Tax Tips: Anybody for a 164 percent tax increase?
For the Nevada Appeal
In my ongoing series of what is on Congress’s plate to “fix” before the end of this year, not many folks understand the looming tax hike on dividends set to happen in 2011.
Current tax law on dividend income is a flat 15 percent. It is set to end in 2010. Two times before, Congress has voted to extend this flat 15 percent rate. If they let it expire as scheduled, the possible top tax rate on dividend income could go up to 39.6 percent. That’s a 164 percent jump!
Anybody want to guess which industries would be hit hard if Congress doesn’t act? Energy. Especially new projects like solar, wind, geothermal, etc. If investors don’t have the incentive to purchase energy stocks, that traditionally pay very high dividends, the source of capital being used to build these new energy plants, is projected to dry up.

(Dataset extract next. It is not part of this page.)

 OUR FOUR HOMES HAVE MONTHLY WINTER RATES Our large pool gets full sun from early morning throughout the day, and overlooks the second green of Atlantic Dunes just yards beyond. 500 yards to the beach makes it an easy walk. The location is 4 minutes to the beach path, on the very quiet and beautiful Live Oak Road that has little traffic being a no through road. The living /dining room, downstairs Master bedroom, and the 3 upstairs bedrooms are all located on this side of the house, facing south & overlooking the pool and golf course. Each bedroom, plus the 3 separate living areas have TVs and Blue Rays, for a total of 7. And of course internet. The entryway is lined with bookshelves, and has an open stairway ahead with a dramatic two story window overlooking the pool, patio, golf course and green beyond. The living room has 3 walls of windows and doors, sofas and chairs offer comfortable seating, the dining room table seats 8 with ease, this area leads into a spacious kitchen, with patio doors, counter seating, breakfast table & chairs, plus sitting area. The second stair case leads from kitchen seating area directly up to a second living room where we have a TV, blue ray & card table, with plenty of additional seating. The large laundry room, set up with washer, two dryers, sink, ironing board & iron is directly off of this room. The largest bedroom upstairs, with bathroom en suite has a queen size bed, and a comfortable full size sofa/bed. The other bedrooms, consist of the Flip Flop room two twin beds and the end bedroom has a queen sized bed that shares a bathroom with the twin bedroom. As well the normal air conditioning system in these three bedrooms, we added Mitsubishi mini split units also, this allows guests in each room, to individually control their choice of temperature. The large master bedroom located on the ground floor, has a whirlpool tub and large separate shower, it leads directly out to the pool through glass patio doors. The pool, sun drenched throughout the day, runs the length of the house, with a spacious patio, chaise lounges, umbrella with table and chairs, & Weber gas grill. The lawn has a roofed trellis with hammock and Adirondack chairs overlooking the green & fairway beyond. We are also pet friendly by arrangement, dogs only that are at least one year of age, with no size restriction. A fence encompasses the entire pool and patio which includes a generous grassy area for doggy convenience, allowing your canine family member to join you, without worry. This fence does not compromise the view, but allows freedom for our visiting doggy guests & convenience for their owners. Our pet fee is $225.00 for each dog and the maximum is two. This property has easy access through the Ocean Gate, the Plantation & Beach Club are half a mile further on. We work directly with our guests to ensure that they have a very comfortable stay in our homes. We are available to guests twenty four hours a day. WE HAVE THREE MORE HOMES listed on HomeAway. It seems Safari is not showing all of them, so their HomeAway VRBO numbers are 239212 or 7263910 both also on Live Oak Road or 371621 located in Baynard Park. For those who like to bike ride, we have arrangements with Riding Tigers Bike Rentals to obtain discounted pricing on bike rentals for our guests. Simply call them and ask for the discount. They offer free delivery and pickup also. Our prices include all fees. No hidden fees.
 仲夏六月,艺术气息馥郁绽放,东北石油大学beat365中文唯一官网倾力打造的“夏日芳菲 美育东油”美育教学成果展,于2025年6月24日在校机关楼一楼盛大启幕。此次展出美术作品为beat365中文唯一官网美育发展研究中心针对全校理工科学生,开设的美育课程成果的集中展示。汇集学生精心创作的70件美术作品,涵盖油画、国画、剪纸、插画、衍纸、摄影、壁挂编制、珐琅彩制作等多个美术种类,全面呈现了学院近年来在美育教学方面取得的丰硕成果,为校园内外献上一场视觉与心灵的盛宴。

Where would these energy companies have to go if they couldn’t sell enough stock? Banks. Do I need to go into the problems everybody is having getting a loan from a bank these days?
In one of my previous columns, I pointed out the benefit of domestic corporation dividend income being excluded from income (up to a point, then its taxable). This tax hike would not affect those taxpayers that previously got that Qualified Dividend exclusion. Only those who are “too rich” would be affected.
Some folks might say, “So what Kelly! The rich can afford to pay more taxes.” One must understand that those “rich folks” are going to naturally migrate to the least taxable means to “park” their money. The current administration has telegraphed their intentions to penalize anybody who makes over $250,000 a year. So, now those “rich” are discouraged from starting up new businesses – creating a situation that causes unemployment to remain at all-time highs. Those “rich” are currently being told NOT to plan on long-term investments in corporations that pay high dividends – creating a situation that causes renewable energy projects to cost more and take longer to complete.
One must wonder, what would happen if we stopped penalizing the “rich” and started encouraging them to put their money into play to help rebuild our economy instead of wasting their time trying to figure out ways to hide it from the government?
Current forecast of Congressional expectations are grim. Harry Reid is hyper-focused on trying to save his Senate seat. He has not signaled any interest at this time in tackling things like Dividend Tax Rates or Alternative Minimum Tax Exclusions, Estate Taxes, etc.
Do you think that anybody is placing odds on what tax “fixes” Congress will actually pass before the end of 2010? At least for now, all bets are off.